# Temporary home



## Thecatlinux (Mar 10, 2014)

I have decamped under the stairs whilst building a new kitchen .

a little cramped but still useable .

View attachment 15127


----------



## jeebsy (May 5, 2013)

Lets see more of that Major


----------



## Thecatlinux (Mar 10, 2014)

Is that before or after I take all the kitchen out, drop the ceiling rewire the kitchen and put a new ceiling up due to be plastered next Saturday .
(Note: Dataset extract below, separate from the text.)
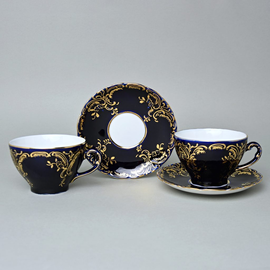 Souprava Šálek 200 ml a podšálek čajový, 2ks. Opera kobaltová modř + zlato, Dárkové balení, Český porcelán a.s. (Royal Dux Bohemia)
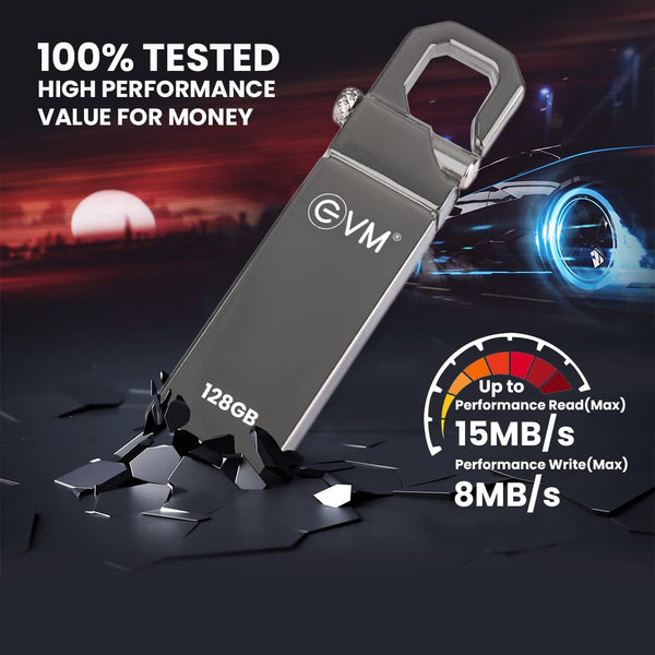 EVM EnStore 128GB Metal USB 2.0 Flash Drive - High Read Speeds up to 15MB/s & Write Speeds up to 8MB/s - Durable Metal Casing - Ideal for Data Transfer & Storage - (EVMPD/128GB)

dont know if I should just stick with the plug in wemo or wether I should wire all the sockets in the new coffee area to be Wemo controlled ?? What do you think ?


----------



## Thecatlinux (Mar 10, 2014)

View attachment 15129
?


----------



## Glenn (Jun 14, 2008)

Wire all the sockets in the new coffee area to be Wemo controlled


----------



## Rhys (Dec 21, 2014)

Best get everything wired and plumbed in now (could have a water supply and waste outlet chased up the wall and hidden behind a double socket blanking plate in case you ever upgrade, saves cutting holes in the worktop and would look neater)


----------



## froggystyle (Oct 30, 2013)

I would say if its a reliable system then go for it, problems occur when you put these systems in that are not 100% and you spend half your time fiddling to get right.


----------



## Thecatlinux (Mar 10, 2014)

jeebsy said:


> Lets see more of that Major



View attachment 15131


Here ya go but taken in a hurry


----------



## Thecatlinux (Mar 10, 2014)

froggystyle said:


> I would say if its a reliable system then go for it, problems occur when you put these systems in that are not 100% and you spend half your time fiddling to get right.


i have found the plug in wemo to be very reliable , but take heed of what you say and I'm already on it I will wire an override with a switch adjacent to the sockets so that if there are any issues its just a flick of a switch.

If I get time I will photo things as I go and post it up .


----------



## Thecatlinux (Mar 10, 2014)

Rhys said:


> Best get everything wired and plumbed in now (could have a water supply and waste outlet chased up the wall and hidden behind a double socket blanking plate in case you ever upgrade, saves cutting holes in the worktop and would look neater)


 I had considered drain and water supply and originally was going to do all this , but things have changed and frankly I can't see me plumbing in the L1 and as for upgrading, from what I have discovered in the last month of ownership that just is not going to happen, grinders maybe ;-) L1 is a keeper.


----------



## risky (May 11, 2015)

How did you get that finish on the major?


----------



## Thecatlinux (Mar 10, 2014)

risky said:


> How did you get that finish on the major?


I got Patrick to do it !

http://coffeeforums.co.uk/showthread.php?19700-Mazzer-Major-Auberins-Timer-Project


----------